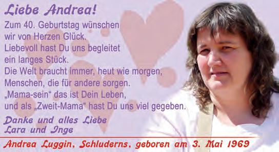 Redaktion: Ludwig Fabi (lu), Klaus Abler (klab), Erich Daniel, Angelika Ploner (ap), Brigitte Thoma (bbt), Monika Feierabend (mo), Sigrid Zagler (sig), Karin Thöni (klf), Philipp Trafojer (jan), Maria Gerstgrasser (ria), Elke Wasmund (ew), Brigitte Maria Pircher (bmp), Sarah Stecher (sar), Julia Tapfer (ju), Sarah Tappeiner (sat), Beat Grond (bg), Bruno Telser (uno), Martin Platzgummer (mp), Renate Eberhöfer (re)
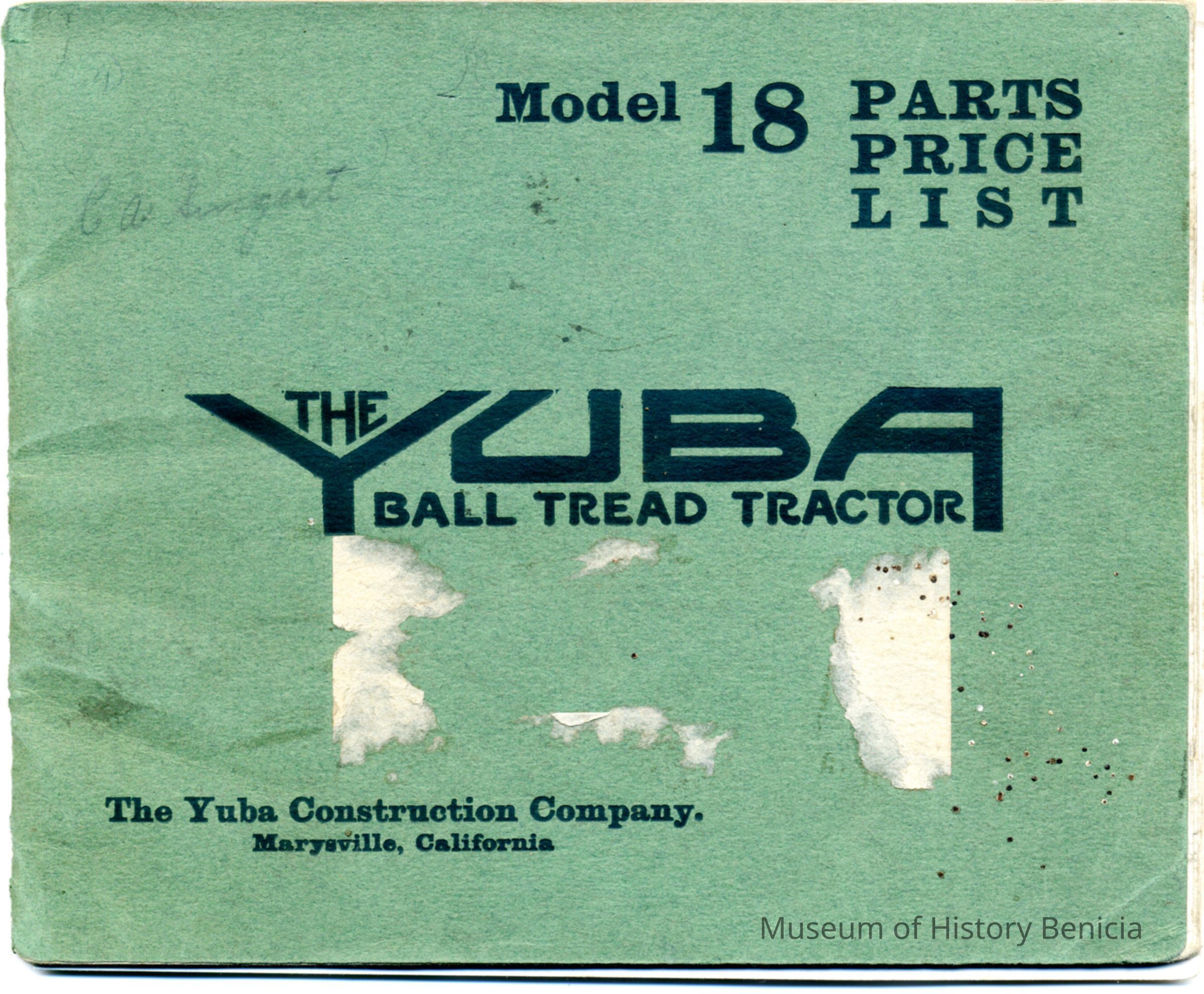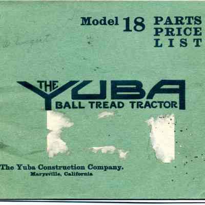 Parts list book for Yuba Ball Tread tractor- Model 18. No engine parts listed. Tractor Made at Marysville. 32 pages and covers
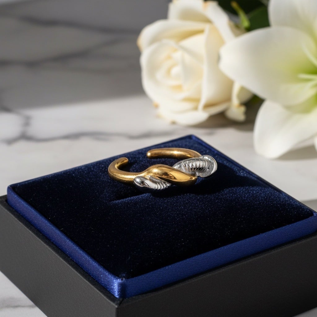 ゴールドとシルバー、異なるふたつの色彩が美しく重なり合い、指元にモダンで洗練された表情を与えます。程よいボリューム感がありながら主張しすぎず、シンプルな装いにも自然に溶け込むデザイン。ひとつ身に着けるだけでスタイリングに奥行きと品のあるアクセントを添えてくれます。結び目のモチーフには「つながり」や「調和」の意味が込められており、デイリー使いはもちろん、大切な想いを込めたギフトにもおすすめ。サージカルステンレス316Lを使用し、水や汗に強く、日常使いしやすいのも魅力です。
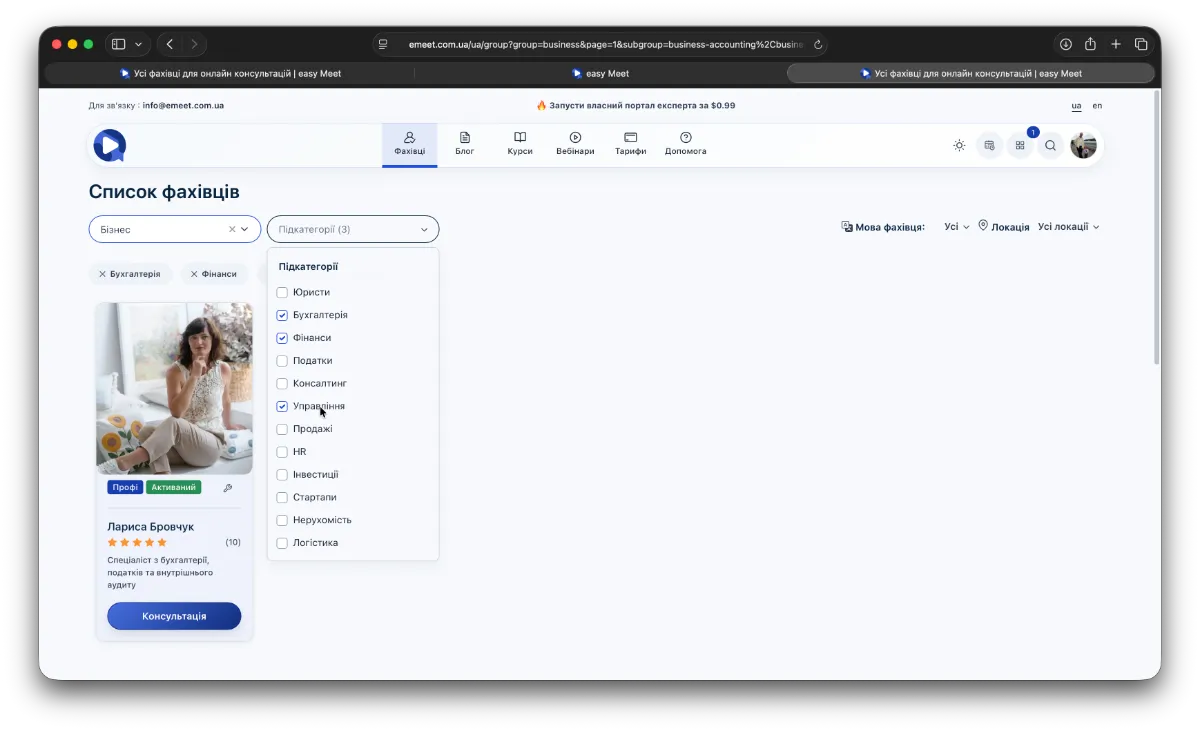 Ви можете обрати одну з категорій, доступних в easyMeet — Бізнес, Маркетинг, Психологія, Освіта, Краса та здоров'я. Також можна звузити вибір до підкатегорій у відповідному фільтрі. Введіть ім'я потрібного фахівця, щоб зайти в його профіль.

→ ASSIGNMENT: Exactly as written, give again every line from the one containing "Parts list book" through the last line of the material, both included, with the pictures left out.

→ COMPLETED EXERCISE:
 Parts list book for Yuba Ball Tread tractor- Model 18. No engine parts listed. Tractor Made at Marysville. 32 pages and covers
 ゴールドとシルバー、異なるふたつの色彩が美しく重なり合い、指元にモダンで洗練された表情を与えます。程よいボリューム感がありながら主張しすぎず、シンプルな装いにも自然に溶け込むデザイン。ひとつ身に着けるだけでスタイリングに奥行きと品のあるアクセントを添えてくれます。結び目のモチーフには「つながり」や「調和」の意味が込められており、デイリー使いはもちろん、大切な想いを込めたギフトにもおすすめ。サージカルステンレス316Lを使用し、水や汗に強く、日常使いしやすいのも魅力です。
 Ви можете обрати одну з категорій, доступних в easyMeet — Бізнес, Маркетинг, Психологія, Освіта, Краса та здоров'я. Також можна звузити вибір до підкатегорій у відповідному фільтрі. Введіть ім'я потрібного фахівця, щоб зайти в його профіль.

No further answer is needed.